Unfortunately, it was all too much for Patsy and when Tom shouted, “Run for it,” she stopped to get her breath back. A belated attempt to jump led to her falling face-down in the road with Crystal landing on top of her. All they could then do was wail in anguish as the car disappeared from view round the next bend.
The pair of them had been sitting there for no more than a couple of minutes when they heard the clip-clop of hooves and along came a horse and cart. “You could easy get yourself killed sitting there,” warned the farmer who was driving. “It’s hay-time, you know.”
Crystal nodded. “Our car broke down and when it got going again it went off without us.”
The farmer looked bewildered. “Drove off on its own, did it?”
“No, my Dad was driving but he’s just learned and once he got the car going again he was too frightened to stop.”
“So he left you and your mother to get on with it?”
“She’s not my mother. She’s my Granny. Look. Could you please give us a lift to a bus stop?”
“That’s no problem.”
“Thank you.”
“But, Miss, the real problem is that there won’t be a bus until tomorrow morning!”
“You’re joking!”
“No. Now, if you could get yourselves to Musselburgh – though that’s a long, long walk – you could get a bus there.”
Crystal started to realise that she would have to get on this man’s good side, so she wheedled, “Look, Mister, my Granny’s
very old
and she has the rheumatics. Could you maybe let us sit up on your hay bales and take us to Musselburgh?”
“Suppose I could,” drawled the man. “Especially if you was to make it worth my while.”

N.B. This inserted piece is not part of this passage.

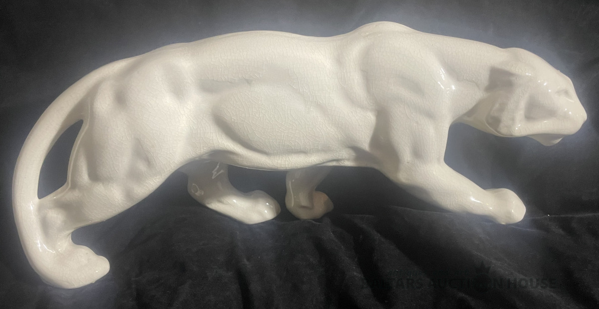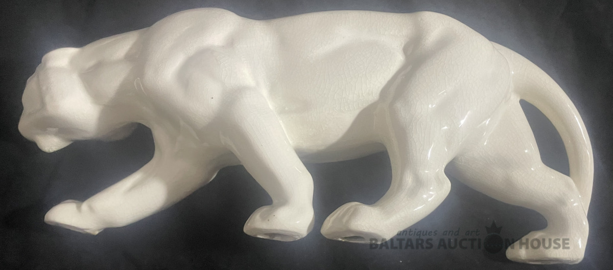 Autors Vladimirs Kandijevs. Liella izmēra figūra "Leopards", porcelāns, 42x14 cm, Kuzņecova darbnīca, marķējums nodzēsts. Figūra labā stāvoklī, bez defektiem un bez restaurācijas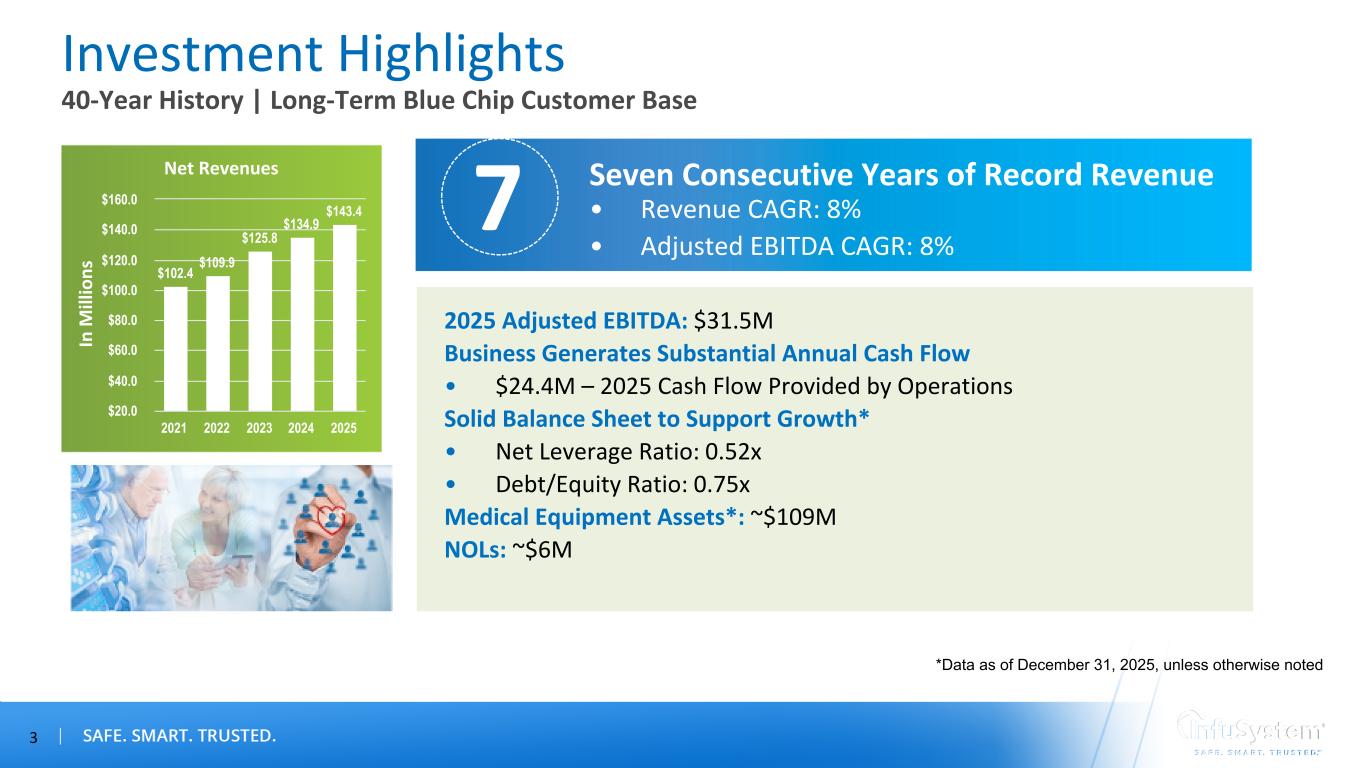 3 *Data as of December 31, 2025, unless otherwise noted 6 Investment Highlights 40-Year History | Long-Term Blue Chip Customer Base 7 Seven Consecutive Years of Record Revenue • Revenue CAGR: 8% • Adjusted EBITDA CAGR: 8% 2025 Adjusted EBITDA: $31.5M Business Generates Substantial Annual Cash Flow • $24.4M – 2025 Cash Flow Provided by Operations Solid Balance Sheet to Support Growth* • Net Leverage Ratio: 0.52x • Debt/Equity Ratio: 0.75x Medical Equipment Assets*: ~$109M NOLs: ~$6M Net Revenues In M ill io ns $102.4 $109.9 $125.8 $134.9 $143.4 2021 2022 2023 2024 2025 $20.0 $40.0 $60.0 $80.0 $100.0 $120.0 $140.0 $160.0

Crystal held out her sixpence. The man shook his head and chewed on a piece of tobacco before proposing, “But if you, the young one, were to promise to come back this weekend and help me and the missus on the farm, I could …”
Crystal didn’t wait for him to finish. “Done!” she shouted as she began to hoist Patsy on to the cart and then jumped up herself.

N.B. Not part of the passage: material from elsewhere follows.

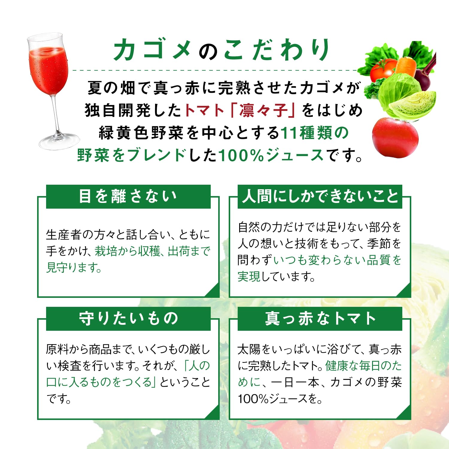 原材料:トマトジュース(濃縮トマト還元)、野菜ジュース(セロリ・にんじん・ビート・パセリ・レタス・キャベツ・ほうれん草・クレソン・メキャベツ(プチヴェール)(濃縮還元)、にんにく)、レモン果汁/香辛料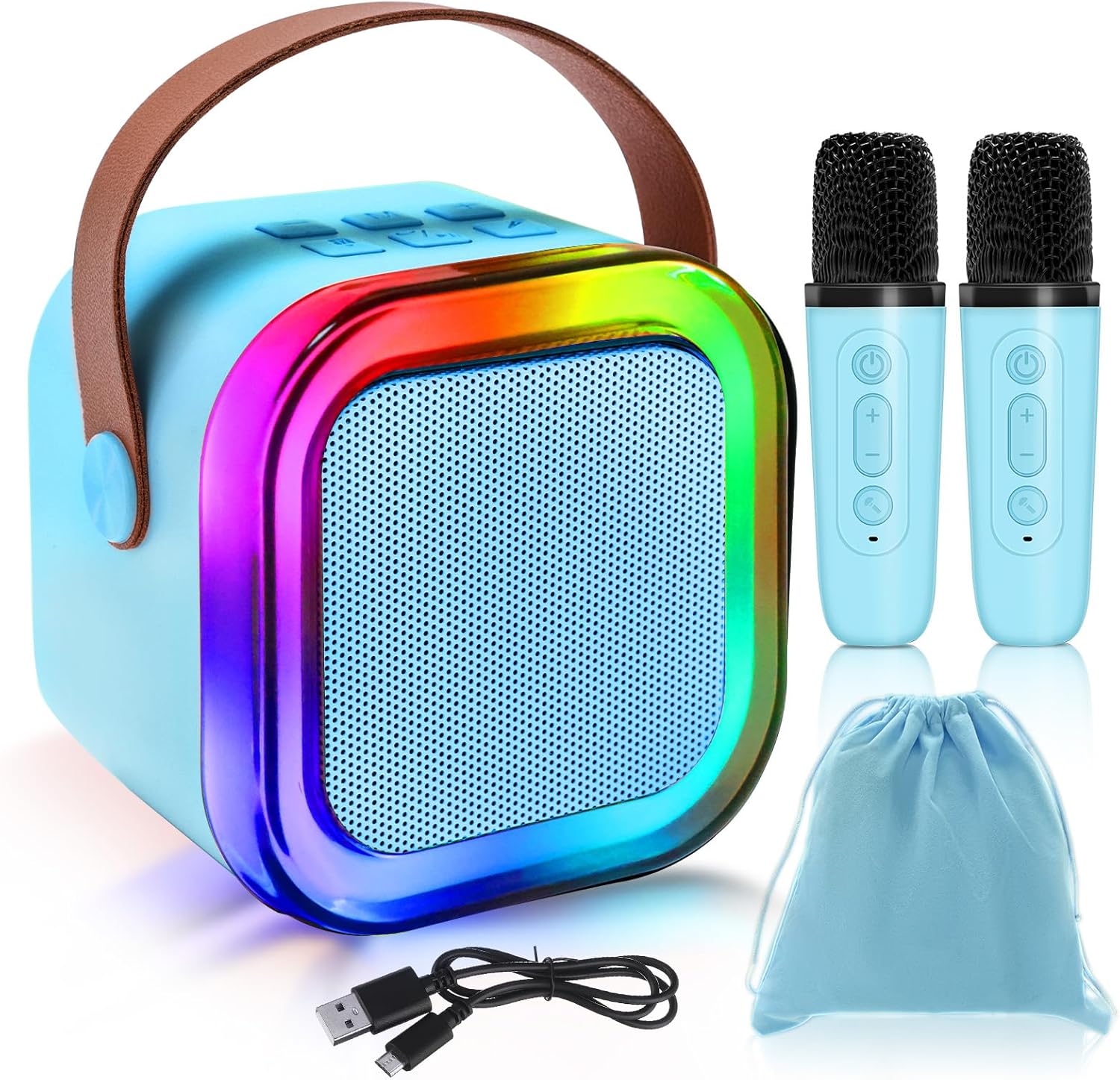 Mini Speaker with 2 Microphones,Kids Mini Karaoke Machine with Portable Speaker,3 LED Disco Lights,5 Funny Sound, Gift for Girl Boy Toddler Teen Adult Birthday Holiday Home Party-Blue

All the women seated round the table smiled with relief when the power was switched off and the noise in the bottling plant ceased. Break times were always so welcome in the Bond. Times when you could have a ten-minute break. And what was even more appreciated was the thirst-quenching cup of tea from the tea trolley.
They’d all collected their tea from the trolley and were now back chatting when Ina Stewart, her mouth full of biscuits, said, “Here, Crystal, think I’ve won my bet?”